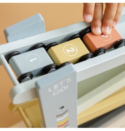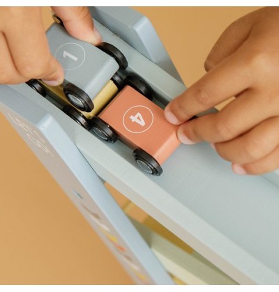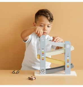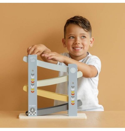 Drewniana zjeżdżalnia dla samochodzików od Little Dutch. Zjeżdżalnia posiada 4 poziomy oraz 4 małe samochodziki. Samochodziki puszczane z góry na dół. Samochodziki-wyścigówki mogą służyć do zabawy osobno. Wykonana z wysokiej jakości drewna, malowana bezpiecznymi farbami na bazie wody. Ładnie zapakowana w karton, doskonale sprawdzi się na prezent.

══════════════════════════════

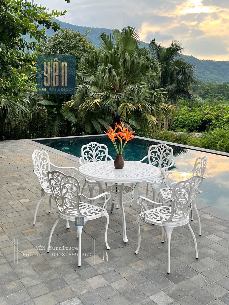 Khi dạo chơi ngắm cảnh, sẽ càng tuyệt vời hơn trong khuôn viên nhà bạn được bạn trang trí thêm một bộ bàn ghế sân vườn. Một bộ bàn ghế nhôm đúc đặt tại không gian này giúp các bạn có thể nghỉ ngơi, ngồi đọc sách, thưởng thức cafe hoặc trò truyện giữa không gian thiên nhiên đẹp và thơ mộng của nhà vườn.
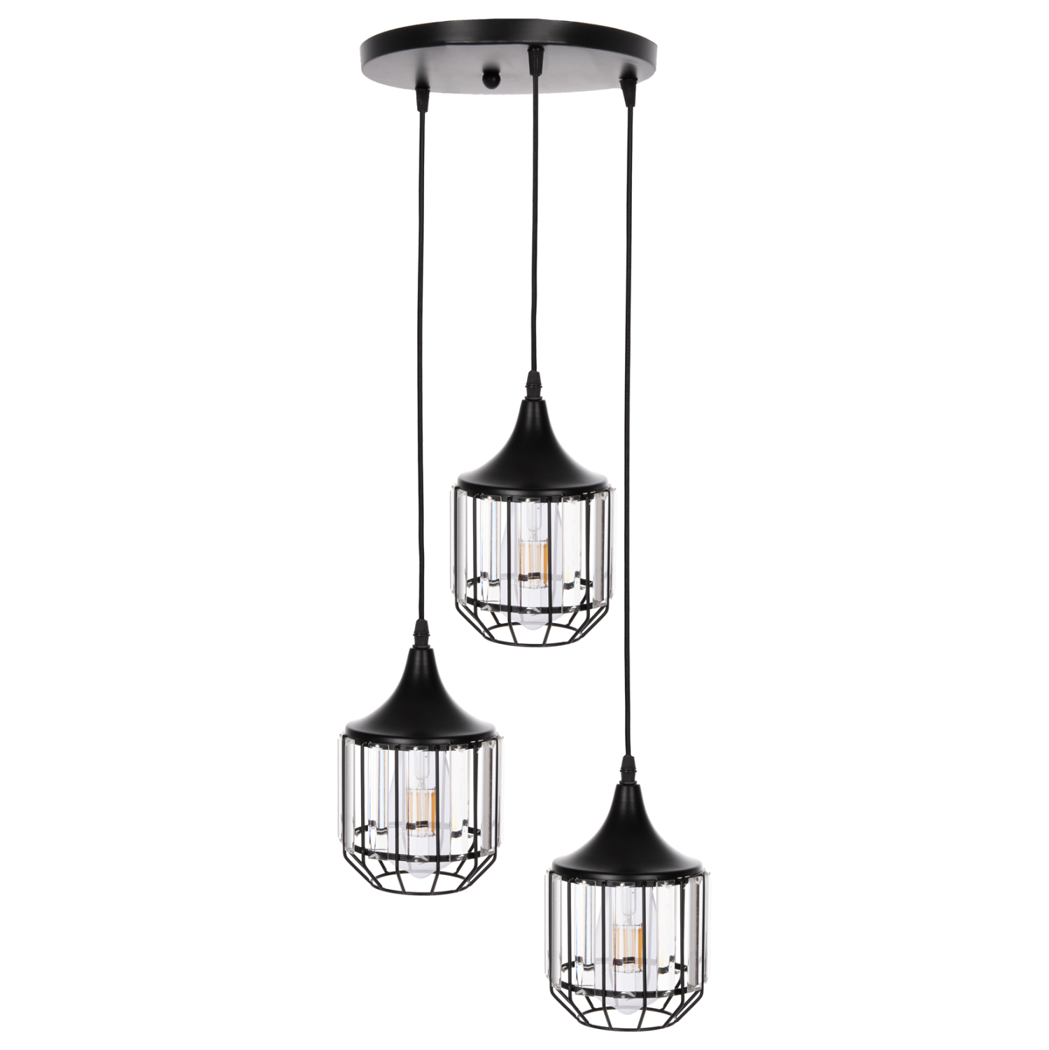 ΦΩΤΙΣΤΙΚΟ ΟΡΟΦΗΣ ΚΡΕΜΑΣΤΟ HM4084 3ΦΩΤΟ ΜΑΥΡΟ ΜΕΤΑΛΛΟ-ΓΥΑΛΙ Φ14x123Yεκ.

══════════════════════════════

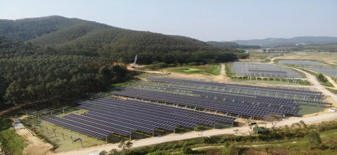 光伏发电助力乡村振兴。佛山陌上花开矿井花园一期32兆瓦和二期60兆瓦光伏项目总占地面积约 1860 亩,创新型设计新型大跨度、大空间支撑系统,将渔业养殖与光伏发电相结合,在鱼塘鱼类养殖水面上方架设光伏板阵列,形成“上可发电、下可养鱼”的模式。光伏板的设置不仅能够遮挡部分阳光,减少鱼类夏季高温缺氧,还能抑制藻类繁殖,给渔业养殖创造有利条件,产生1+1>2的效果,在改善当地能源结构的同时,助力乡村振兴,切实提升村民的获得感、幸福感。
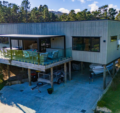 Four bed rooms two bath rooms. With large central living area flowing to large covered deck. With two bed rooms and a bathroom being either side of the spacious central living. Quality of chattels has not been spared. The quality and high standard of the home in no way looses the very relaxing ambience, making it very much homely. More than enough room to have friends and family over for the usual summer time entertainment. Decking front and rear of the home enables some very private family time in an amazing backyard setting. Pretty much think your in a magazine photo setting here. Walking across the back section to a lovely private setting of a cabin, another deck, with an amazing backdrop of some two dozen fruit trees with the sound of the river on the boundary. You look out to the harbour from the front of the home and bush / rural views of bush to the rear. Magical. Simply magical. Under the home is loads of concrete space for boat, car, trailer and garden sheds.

══════════════════════════════

Pictures are to be left out. Write out only the lines above starting at the one with "Khi dạo chơi" and ending at the one with "ΦΩΤΙΣΤΙΚΟ ΟΡΟΦΗΣ ΚΡΕΜΑΣΤΟ", both lines included, exactly.

 Khi dạo chơi ngắm cảnh, sẽ càng tuyệt vời hơn trong khuôn viên nhà bạn được bạn trang trí thêm một bộ bàn ghế sân vườn. Một bộ bàn ghế nhôm đúc đặt tại không gian này giúp các bạn có thể nghỉ ngơi, ngồi đọc sách, thưởng thức cafe hoặc trò truyện giữa không gian thiên nhiên đẹp và thơ mộng của nhà vườn.
 ΦΩΤΙΣΤΙΚΟ ΟΡΟΦΗΣ ΚΡΕΜΑΣΤΟ HM4084 3ΦΩΤΟ ΜΑΥΡΟ ΜΕΤΑΛΛΟ-ΓΥΑΛΙ Φ14x123Yεκ.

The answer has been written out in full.